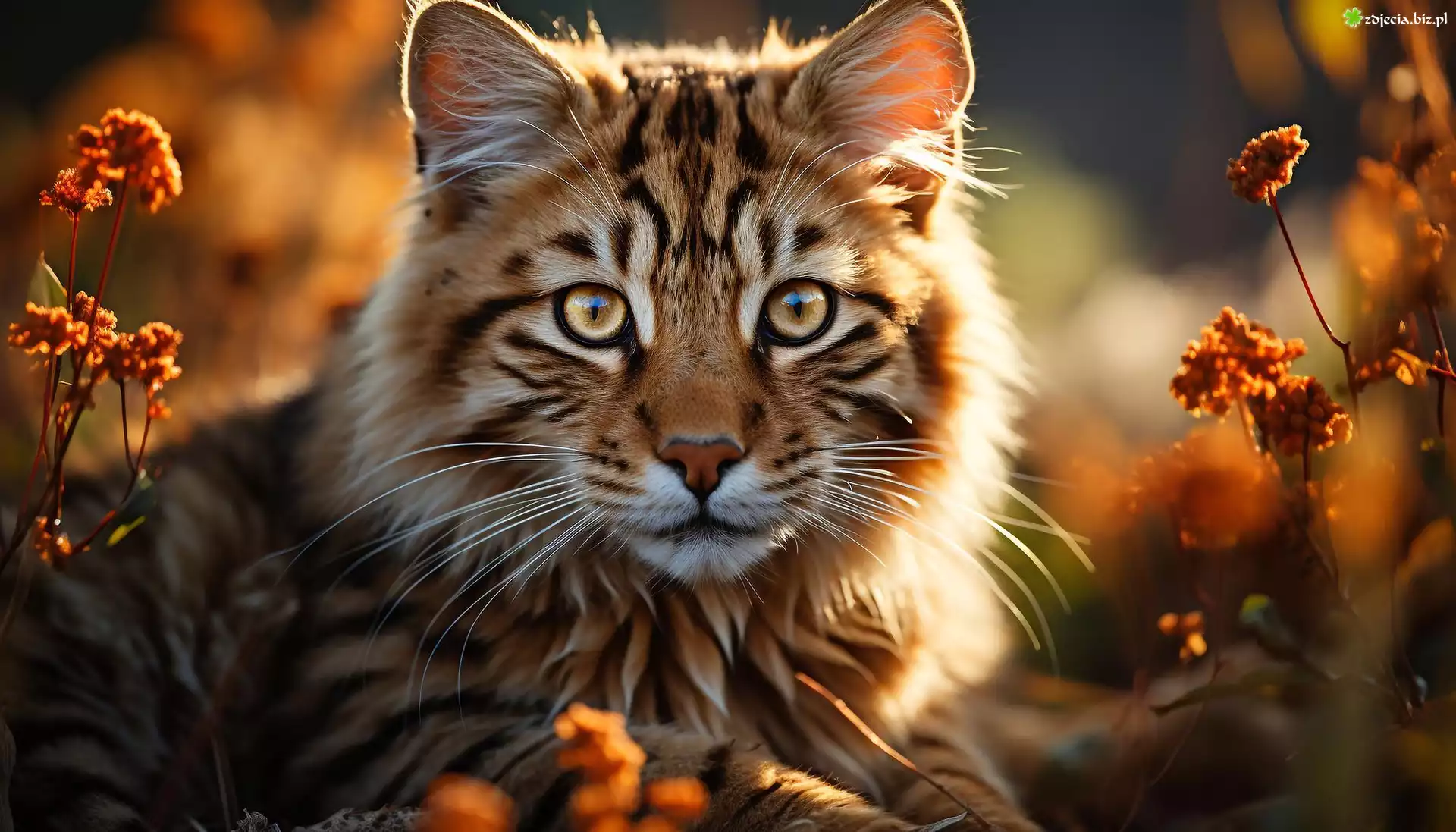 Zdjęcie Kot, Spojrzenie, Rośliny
* * *
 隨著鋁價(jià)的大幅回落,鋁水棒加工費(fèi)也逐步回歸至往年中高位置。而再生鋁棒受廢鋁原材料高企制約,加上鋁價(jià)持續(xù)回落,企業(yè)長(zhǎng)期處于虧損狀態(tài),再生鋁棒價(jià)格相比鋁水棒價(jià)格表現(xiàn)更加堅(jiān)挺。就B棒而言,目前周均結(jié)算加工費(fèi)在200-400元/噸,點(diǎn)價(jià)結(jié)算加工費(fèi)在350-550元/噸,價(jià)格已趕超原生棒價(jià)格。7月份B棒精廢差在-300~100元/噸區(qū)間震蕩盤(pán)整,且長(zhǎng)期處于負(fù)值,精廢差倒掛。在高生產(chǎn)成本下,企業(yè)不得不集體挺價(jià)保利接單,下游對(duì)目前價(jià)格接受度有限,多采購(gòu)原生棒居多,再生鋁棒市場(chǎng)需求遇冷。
...
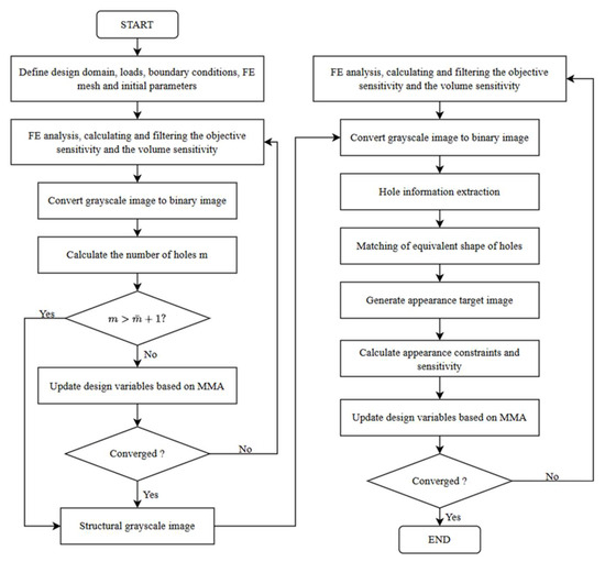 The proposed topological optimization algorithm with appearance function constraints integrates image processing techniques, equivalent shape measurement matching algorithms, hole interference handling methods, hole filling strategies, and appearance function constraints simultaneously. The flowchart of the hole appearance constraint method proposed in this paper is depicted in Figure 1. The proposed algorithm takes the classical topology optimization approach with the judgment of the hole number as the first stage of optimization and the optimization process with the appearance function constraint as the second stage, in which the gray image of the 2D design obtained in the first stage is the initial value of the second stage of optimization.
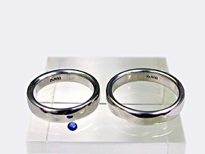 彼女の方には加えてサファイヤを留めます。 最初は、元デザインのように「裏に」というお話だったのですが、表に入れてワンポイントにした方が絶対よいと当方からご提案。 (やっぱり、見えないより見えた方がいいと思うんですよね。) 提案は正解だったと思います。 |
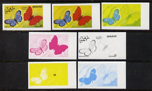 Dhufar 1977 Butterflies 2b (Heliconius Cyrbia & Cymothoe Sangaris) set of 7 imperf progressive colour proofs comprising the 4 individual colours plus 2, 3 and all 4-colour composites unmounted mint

| WHAT THE TASK ASKS |
Between and including the line above that contains "(やっぱり、見えないより見えた方がいいと思うんですよね。) 提案は正解だったと思います。 |" and the line that contains "Dhufar 1977 Butterflies", restate every line word for word. Pictures stay out.

| RESPONSE BELOW |
 彼女の方には加えてサファイヤを留めます。 最初は、元デザインのように「裏に」というお話だったのですが、表に入れてワンポイントにした方が絶対よいと当方からご提案。 (やっぱり、見えないより見えた方がいいと思うんですよね。) 提案は正解だったと思います。 |
 Dhufar 1977 Butterflies 2b (Heliconius Cyrbia & Cymothoe Sangaris) set of 7 imperf progressive colour proofs comprising the 4 individual colours plus 2, 3 and all 4-colour composites unmounted mint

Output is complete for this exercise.